Under the terms of this contract (DA W 241-ORD-339) the claimant agreed to furnish certain machine tools f. o. b. origin, New Bedford, Massachusetts (or f. o. b. New York, New York, in the event shipment for export is directed to said point), for a consideration of $165,943.98, less discount of 2%, 20 days, such price being predicated on the articles being packed for domestic shipment.

The contract further provides (Article I-Payments-"Special Provisions" (a)), that if the articles were packed and boxed for shipment to the British Commonwealth of Nations (exclusive of Canada) the price under item 2 would be reduced by an amount equal to 20% of the contract price for such articles as are so consigned.

In those cases where material is consigned to a foreign government there is a reduction in the contract price to the extent discussed in the preceding paragraph and this action leads directly to the question here involved, i. e., should the discount be taken on the price quoted for domestic shipment, or on the net figure arrived at by deducting the export differential from the domestic price?

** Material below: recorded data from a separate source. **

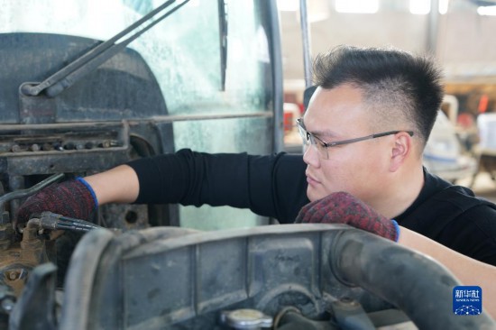 2月28日,王昌在來(lái)安縣水口鎮(zhèn)擁巷村對(duì)農(nóng)業(yè)機(jī)械進(jìn)行春耕前的檢修。
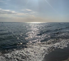 Море утром чистое, можно купаться в купальнике. Лучше плавать напротив беседки. Там рукой найти большой камень, его переплыть и сразу песок. В других местах могут попадаться камни. Вечером мы ездили в Каспийск, поэтому не могу сказать какое море.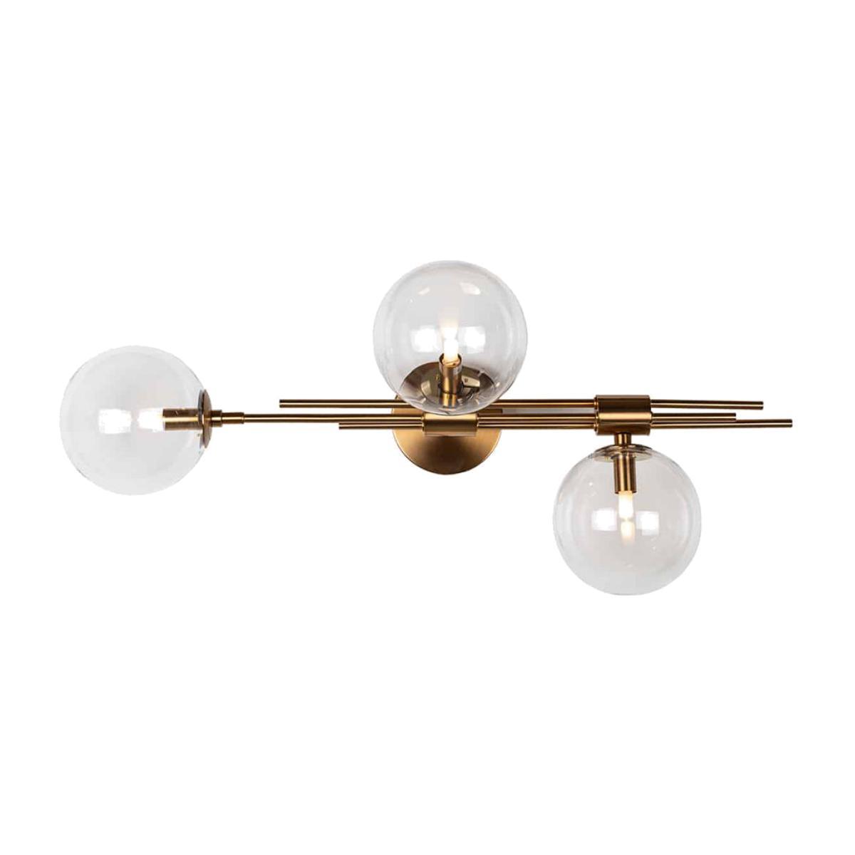 While some interiors strive for symmetry and balance in single items and room compositions, there are many designers who revel in the possibilities of the asymmetrical. The Davine wall light is a perfectly achieved example of this. The formal perfection of the three spherical light shades and the thin, smooth supporting rods is transformed into a dazzling sense of dynamic irregularity. Each component is slightly offset and angled to confound expectations. The combination of clear glass and brushed gold iron shimmers and shines, radiating style. 'Davine' is an ancient name that means 'beloved', and this is truly a piece to fall in love with. *Moot Trading Ltd is not a lender and acts only as an introducer. The credit product is provided by Klarna Bank AB (publ). Credit is only available to permanent UK residents aged 18 and over, subject to status. Terms and conditions apply. Please note that the following products are not regulated by the FCA: Pay in 30 days and Pay in 3 instalments. Read More.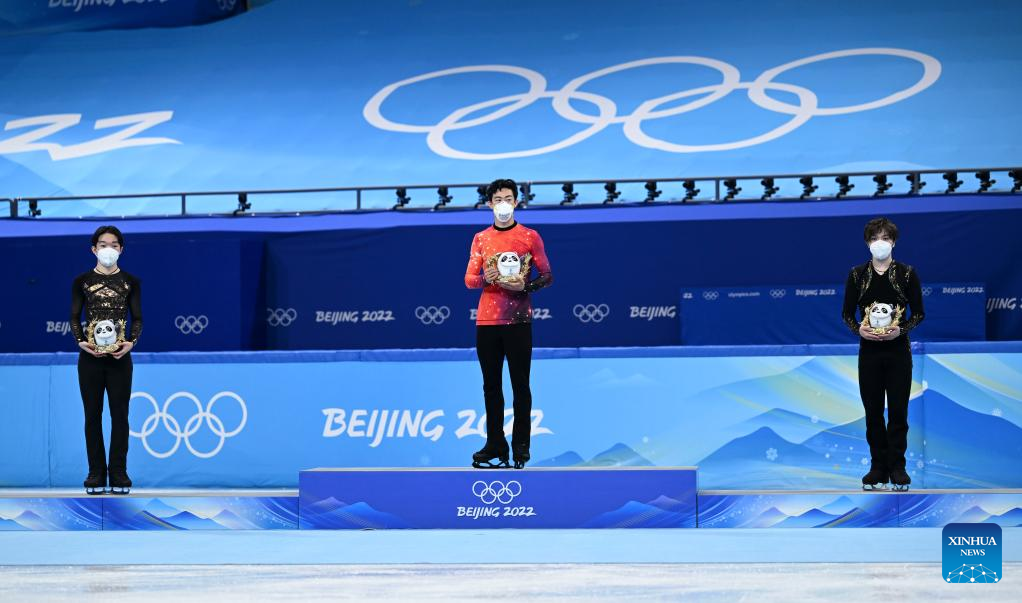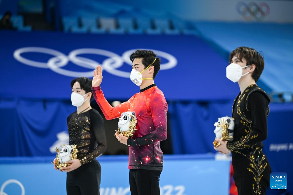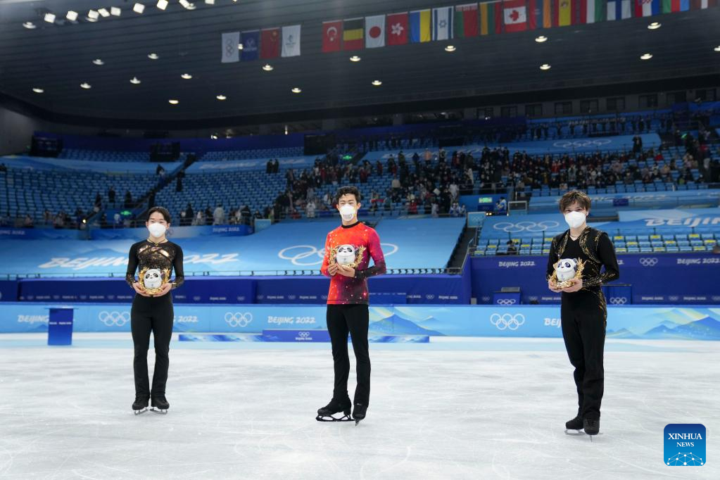 Nathan Chen (C) of the United States, Kagiyama Yuma (L) and Uno Shoma of Japan celebrate after the figure skating men single skating free skating of the Beijing 2022 Winter Olympics at Capital Indoor Stadium in Beijing, capital of China, Feb. 10, 2022. (Xinhua/Ju Huanzong)
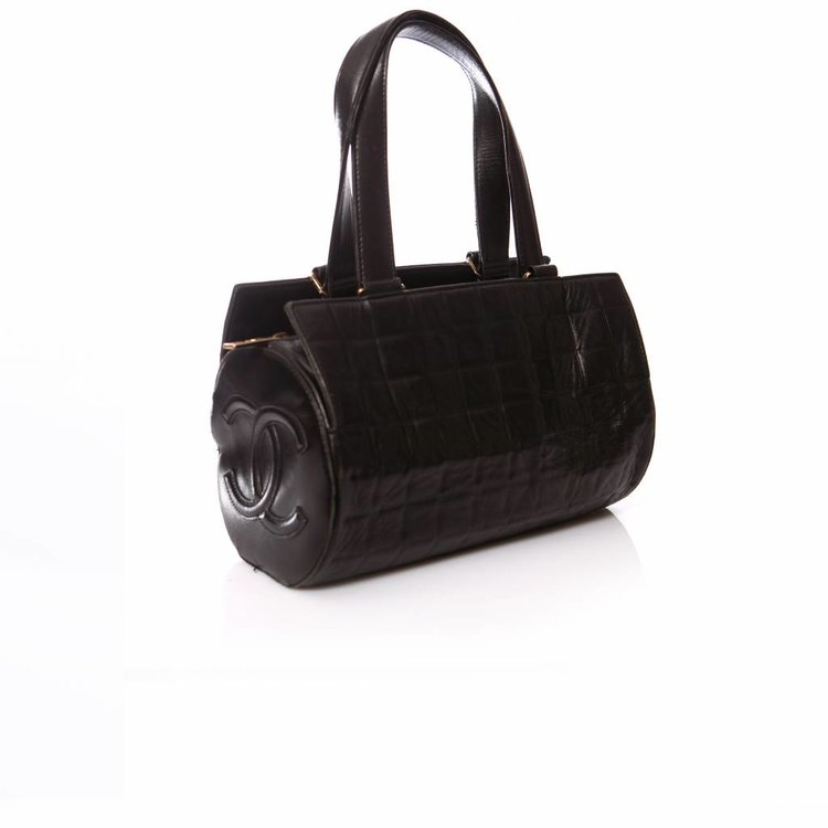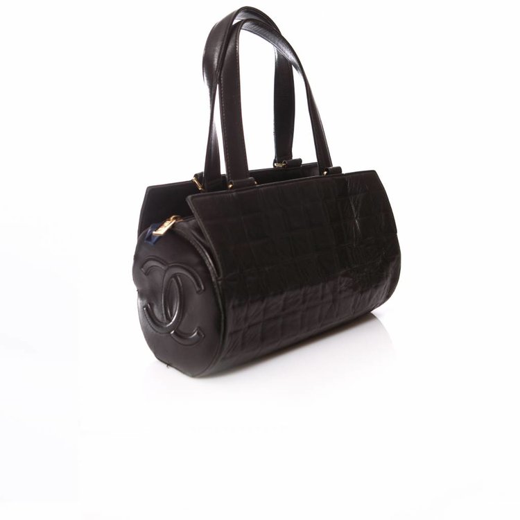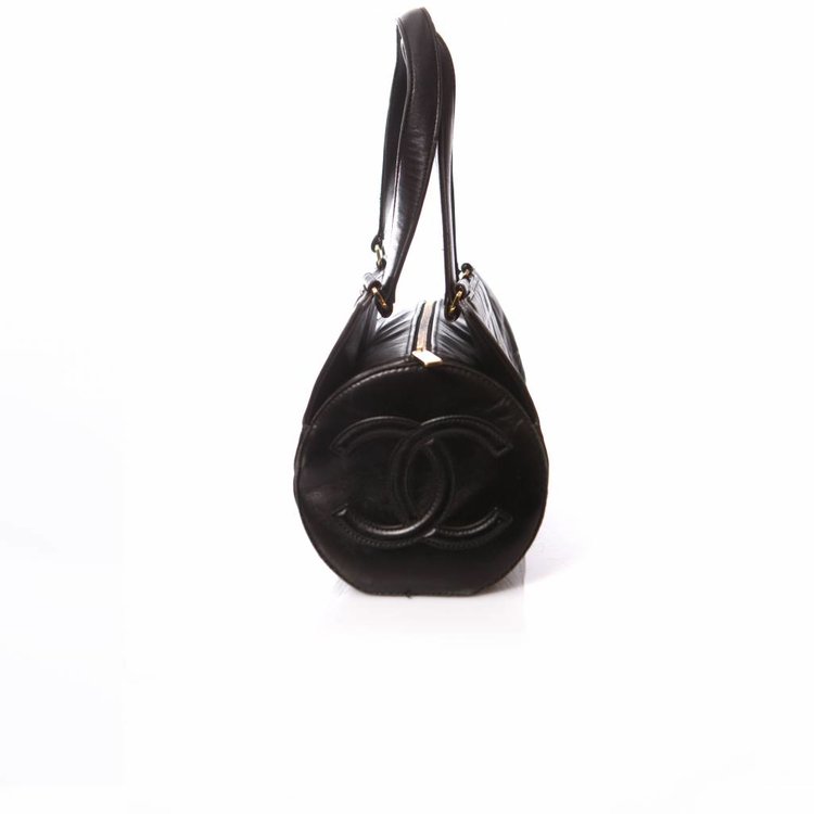 Chanel, vintage zwarte gewatteerde kalfsleren shopper / schoudertas met gouden hardware.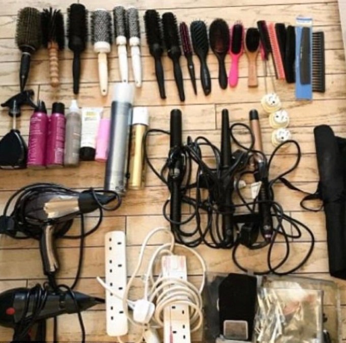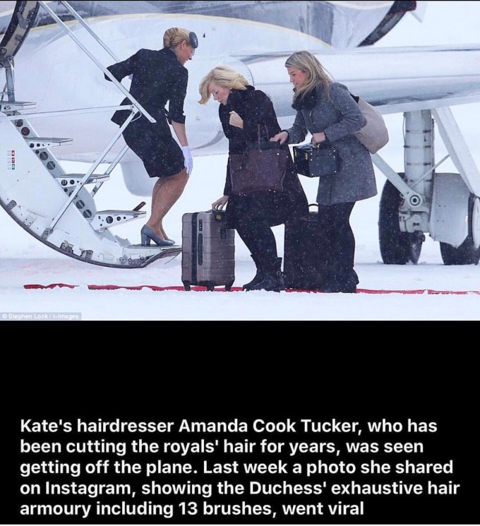 Catherine’s glam squad are never far from the Duchess. Amanda revealed on her Instagram (which has since been taken down) all the styling tools she uses on the Duchess’s hair. Here is a flat lay photo from Amanda depicting the 13 brushes of varying sizes and shapes, numerous combs, curling wands and hair products used.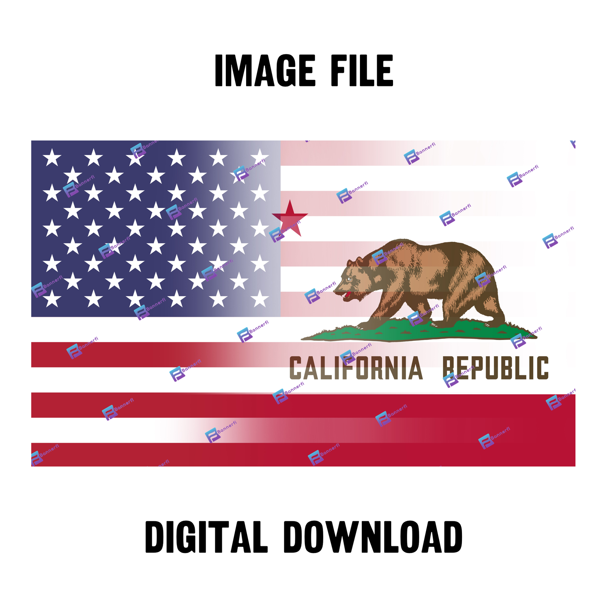 Celebrate pride with a bold digital artwork that blends the U.S. stars and stripes with California’s state flag. This high‑resolution design from Bannerfi is perfect for posters, apparel prints, web banners, hats, and more, delivered as a ready‑to‑use JPEG for instant download.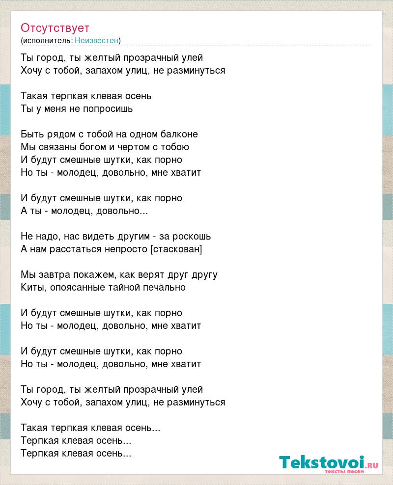 Ты город, ты желтый прозрачный улей Хочу с тобой, запахом улиц, не разминуться Такая терпкая клевая осень Ты у меня не попросишь Быть рядом с тобой на одном балконе Мы связаны богом и чертом с тобою И будут смешные шутки, как порно Но ты - молодец, довольно, мне хватит И будут смешные шутки, как порно А ты - молодец, довольно... Не надо, нас видеть другим - за роскошь А нам расстаться непросто [стаскован] Мы завтра покажем, как верят друг другу Киты, опоясанные тайной печально И будут смешные шутки, как порно Но ты - молодец, довольно, мне хватит И будут смешные шутки, как порно Но ты - молодец, довольно, мне хватит Ты город, ты желтый прозрачный улей Хочу с тобой, запахом улиц, не разминуться Такая терпкая клевая осень... Терпкая клевая осень... Терпкая клевая осень...
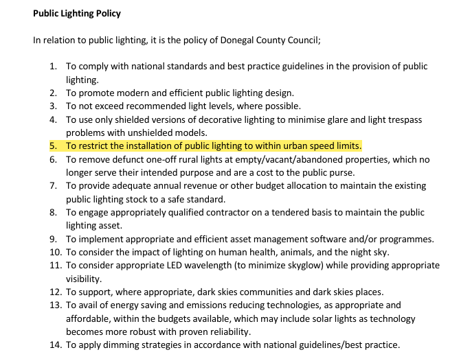 A proposed public lighting policy was opposed at today’s plenary meeting of Donegal County Council, as it would have restricted public lighting to urban speed-zone areas.

The War Department in computing the payment due has deducted 20% of the gross domestic price as representing the export differential and has deducted a further 2% of the gross domestic price as representing cash discount. Inasmuch as the War Department has computed this 2% discount on the domestic price before deducting the export differential, the total deduction constitutes 22% of the gross domestic price. The contractor contends, however, that in computing the cash discount there should be deducted only 2% of the export price, i. e., 2% of the gross domestic price after deduction of the export differential. Under this method of computation, the total deduction would be only 21.6% of the gross domestic price.

The contractor, in support of its contention, calls attention to the fact that the discount is given for prompt cash payment and argues that since the payment involved is the export price after deduction of the export differential the 2% should be computed on that amount. The contractor's position is correct for the further reason that the custom of allowing discount is based on the theory that the use of the money tied up in a shipment will be worth to the vendor the amount of the discount offered. This view appears substantiated by the action of the Claims Division of your office, which division, in a recent certificate of settlement, No. 0697313, dated October 1, 1942, allowed under similar circumstances, the claims of the Geometric Tool Company of New Haven, Connecticut for the discount erroneously taken.

In view of the doubt that this casts upon the method of computation used by the War Department, and in view of the fact, as above pointed out, that a number of similar claims are now pending before your office, or will soon come up for termination in this office, it would be appreciated if your office would give consideration to this problem and render a decision as to the proper method of computing the discount under these and similar contracts which contain such an export differential clause.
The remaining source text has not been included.